======== INPUT DATA ========

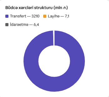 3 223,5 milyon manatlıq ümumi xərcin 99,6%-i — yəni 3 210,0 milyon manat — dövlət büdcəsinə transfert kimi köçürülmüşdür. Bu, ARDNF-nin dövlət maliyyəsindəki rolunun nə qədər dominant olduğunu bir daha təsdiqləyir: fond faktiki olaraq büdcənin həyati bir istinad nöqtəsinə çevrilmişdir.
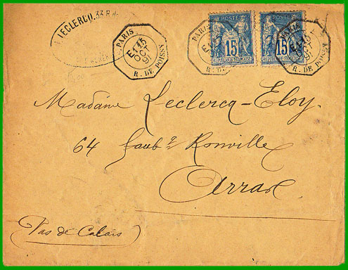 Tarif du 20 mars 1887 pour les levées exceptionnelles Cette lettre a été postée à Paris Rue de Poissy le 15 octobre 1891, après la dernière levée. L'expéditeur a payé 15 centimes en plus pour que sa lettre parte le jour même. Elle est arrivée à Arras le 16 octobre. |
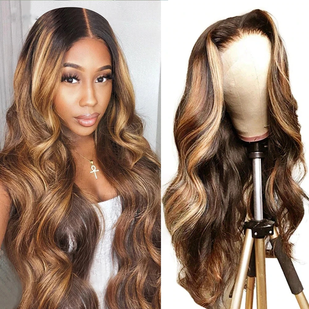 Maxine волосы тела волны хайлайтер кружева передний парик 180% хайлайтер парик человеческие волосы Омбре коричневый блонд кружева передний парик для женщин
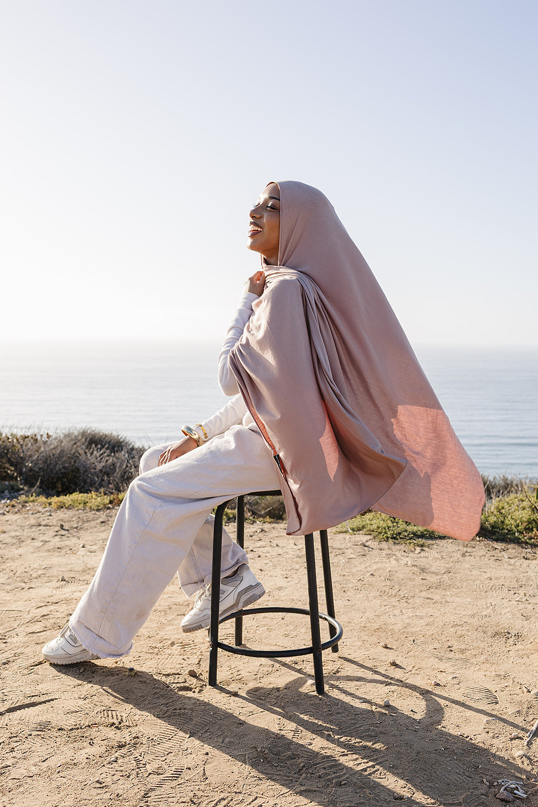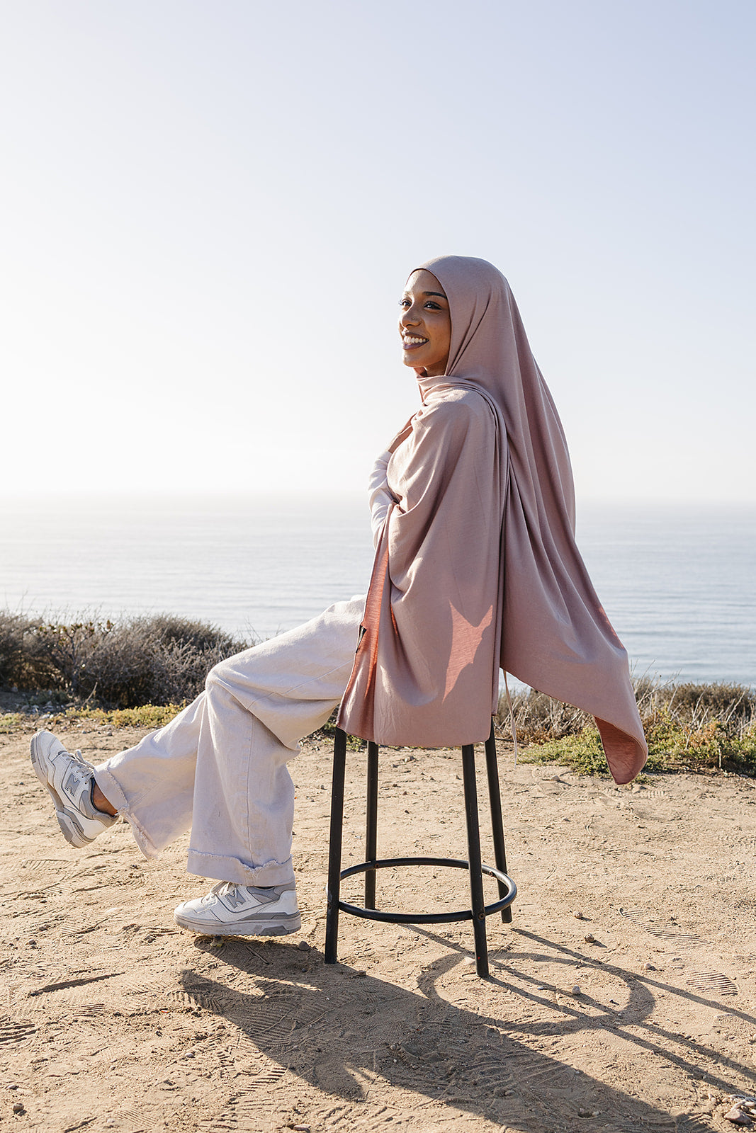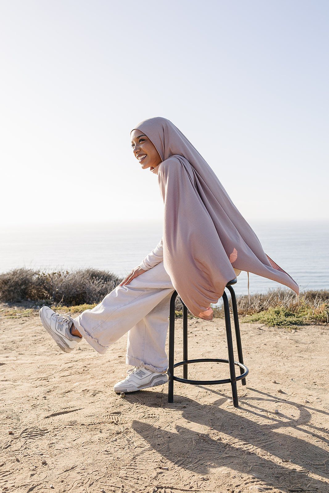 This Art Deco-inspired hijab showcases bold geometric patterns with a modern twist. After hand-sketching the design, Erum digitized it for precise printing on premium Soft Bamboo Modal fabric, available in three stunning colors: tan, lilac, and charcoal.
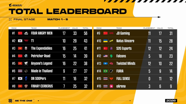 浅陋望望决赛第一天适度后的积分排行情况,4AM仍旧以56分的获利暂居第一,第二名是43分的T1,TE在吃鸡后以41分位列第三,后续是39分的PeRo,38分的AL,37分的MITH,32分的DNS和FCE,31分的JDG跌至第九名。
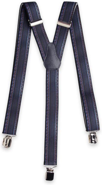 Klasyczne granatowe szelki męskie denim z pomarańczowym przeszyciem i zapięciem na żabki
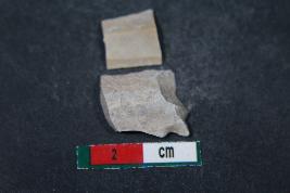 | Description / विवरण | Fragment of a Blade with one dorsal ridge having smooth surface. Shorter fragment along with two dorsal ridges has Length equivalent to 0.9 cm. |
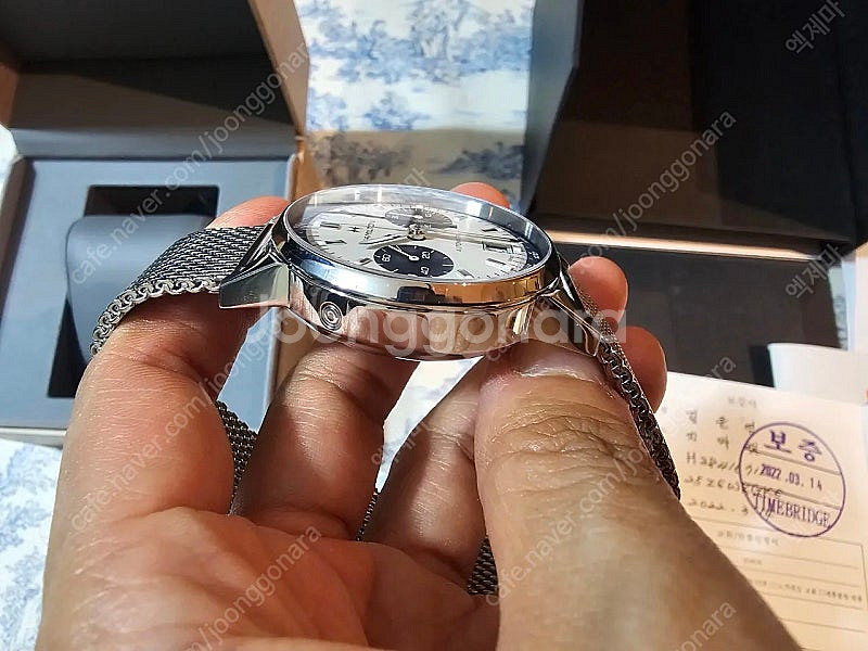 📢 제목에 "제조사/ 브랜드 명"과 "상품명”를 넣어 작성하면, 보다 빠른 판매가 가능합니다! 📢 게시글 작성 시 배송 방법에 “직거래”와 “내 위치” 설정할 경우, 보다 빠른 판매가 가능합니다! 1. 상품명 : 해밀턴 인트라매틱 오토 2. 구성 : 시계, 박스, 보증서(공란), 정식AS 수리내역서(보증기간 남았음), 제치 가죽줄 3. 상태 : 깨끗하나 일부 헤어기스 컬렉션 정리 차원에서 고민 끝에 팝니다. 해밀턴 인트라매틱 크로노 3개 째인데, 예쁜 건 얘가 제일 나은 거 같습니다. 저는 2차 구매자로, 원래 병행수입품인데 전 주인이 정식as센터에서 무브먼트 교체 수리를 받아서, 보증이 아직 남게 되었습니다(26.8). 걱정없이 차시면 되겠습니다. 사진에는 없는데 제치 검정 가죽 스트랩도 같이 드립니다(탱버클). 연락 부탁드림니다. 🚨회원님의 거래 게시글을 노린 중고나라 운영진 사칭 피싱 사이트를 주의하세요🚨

========

» **WORK ORDER**
Ending at the line with "Klasyczne granatowe szelki", reproduce exactly the lines that begin at the top of the data, and include no pictures.

» **YOUR RESPONSE**
 3 223,5 milyon manatlıq ümumi xərcin 99,6%-i — yəni 3 210,0 milyon manat — dövlət büdcəsinə transfert kimi köçürülmüşdür. Bu, ARDNF-nin dövlət maliyyəsindəki rolunun nə qədər dominant olduğunu bir daha təsdiqləyir: fond faktiki olaraq büdcənin həyati bir istinad nöqtəsinə çevrilmişdir.
 Tarif du 20 mars 1887 pour les levées exceptionnelles Cette lettre a été postée à Paris Rue de Poissy le 15 octobre 1891, après la dernière levée. L'expéditeur a payé 15 centimes en plus pour que sa lettre parte le jour même. Elle est arrivée à Arras le 16 octobre. |
 Maxine волосы тела волны хайлайтер кружева передний парик 180% хайлайтер парик человеческие волосы Омбре коричневый блонд кружева передний парик для женщин
 This Art Deco-inspired hijab showcases bold geometric patterns with a modern twist. After hand-sketching the design, Erum digitized it for precise printing on premium Soft Bamboo Modal fabric, available in three stunning colors: tan, lilac, and charcoal.
 浅陋望望决赛第一天适度后的积分排行情况,4AM仍旧以56分的获利暂居第一,第二名是43分的T1,TE在吃鸡后以41分位列第三,后续是39分的PeRo,38分的AL,37分的MITH,32分的DNS和FCE,31分的JDG跌至第九名。
 Klasyczne granatowe szelki męskie denim z pomarańczowym przeszyciem i zapięciem na żabki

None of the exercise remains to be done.